STUDY MATERIAL: Begin

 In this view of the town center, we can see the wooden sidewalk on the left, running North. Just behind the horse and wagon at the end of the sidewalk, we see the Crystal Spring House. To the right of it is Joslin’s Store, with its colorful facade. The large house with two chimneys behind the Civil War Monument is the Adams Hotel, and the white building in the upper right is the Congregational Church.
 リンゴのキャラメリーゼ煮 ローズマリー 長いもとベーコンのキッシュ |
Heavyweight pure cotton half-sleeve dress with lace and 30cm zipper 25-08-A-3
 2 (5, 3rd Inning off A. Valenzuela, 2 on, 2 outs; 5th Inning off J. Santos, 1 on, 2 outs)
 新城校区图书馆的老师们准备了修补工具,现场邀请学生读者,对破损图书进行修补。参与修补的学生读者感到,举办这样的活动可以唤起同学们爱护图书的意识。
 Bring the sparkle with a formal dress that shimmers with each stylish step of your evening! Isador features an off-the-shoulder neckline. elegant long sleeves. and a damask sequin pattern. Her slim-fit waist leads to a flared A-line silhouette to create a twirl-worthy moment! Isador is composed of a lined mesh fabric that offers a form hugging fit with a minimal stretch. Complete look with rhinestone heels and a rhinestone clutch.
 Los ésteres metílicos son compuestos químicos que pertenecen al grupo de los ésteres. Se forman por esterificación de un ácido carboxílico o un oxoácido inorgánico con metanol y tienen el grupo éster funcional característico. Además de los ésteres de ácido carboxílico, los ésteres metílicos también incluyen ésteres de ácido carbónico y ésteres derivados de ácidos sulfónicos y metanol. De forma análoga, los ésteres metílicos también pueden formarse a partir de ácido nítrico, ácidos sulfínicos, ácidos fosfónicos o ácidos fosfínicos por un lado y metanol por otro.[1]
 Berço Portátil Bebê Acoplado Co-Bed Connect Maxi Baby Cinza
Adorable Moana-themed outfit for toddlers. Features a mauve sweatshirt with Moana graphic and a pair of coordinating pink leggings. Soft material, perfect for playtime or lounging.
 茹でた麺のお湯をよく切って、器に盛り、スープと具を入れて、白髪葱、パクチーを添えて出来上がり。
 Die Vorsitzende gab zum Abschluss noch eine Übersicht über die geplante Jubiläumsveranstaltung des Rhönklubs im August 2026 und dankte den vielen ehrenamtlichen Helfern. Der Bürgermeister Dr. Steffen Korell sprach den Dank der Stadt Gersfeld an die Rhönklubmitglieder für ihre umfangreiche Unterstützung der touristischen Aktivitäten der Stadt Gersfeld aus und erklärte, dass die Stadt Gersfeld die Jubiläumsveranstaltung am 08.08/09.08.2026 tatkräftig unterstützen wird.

STUDY MATERIAL: End
STUDY MATERIAL: Begin

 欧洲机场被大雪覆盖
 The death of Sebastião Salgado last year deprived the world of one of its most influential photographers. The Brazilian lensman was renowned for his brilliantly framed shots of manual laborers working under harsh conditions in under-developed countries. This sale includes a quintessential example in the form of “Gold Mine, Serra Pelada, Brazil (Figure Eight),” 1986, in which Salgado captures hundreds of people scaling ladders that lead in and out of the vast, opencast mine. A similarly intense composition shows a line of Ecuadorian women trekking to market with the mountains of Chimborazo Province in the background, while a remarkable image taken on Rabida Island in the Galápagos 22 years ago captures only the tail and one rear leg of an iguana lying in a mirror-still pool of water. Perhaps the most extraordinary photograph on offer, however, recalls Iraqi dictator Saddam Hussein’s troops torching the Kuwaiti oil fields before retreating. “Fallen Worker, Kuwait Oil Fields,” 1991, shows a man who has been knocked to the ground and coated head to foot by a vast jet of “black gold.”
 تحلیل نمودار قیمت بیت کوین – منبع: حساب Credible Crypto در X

STUDY MATERIAL: End

REQUIRED ACTION:
The expected answer is each line of the records above that includes the string "dress".

EXPECTED OUTPUT:
Heavyweight pure cotton half-sleeve dress with lace and 30cm zipper 25-08-A-3
 Bring the sparkle with a formal dress that shimmers with each stylish step of your evening! Isador features an off-the-shoulder neckline. elegant long sleeves. and a damask sequin pattern. Her slim-fit waist leads to a flared A-line silhouette to create a twirl-worthy moment! Isador is composed of a lined mesh fabric that offers a form hugging fit with a minimal stretch. Complete look with rhinestone heels and a rhinestone clutch.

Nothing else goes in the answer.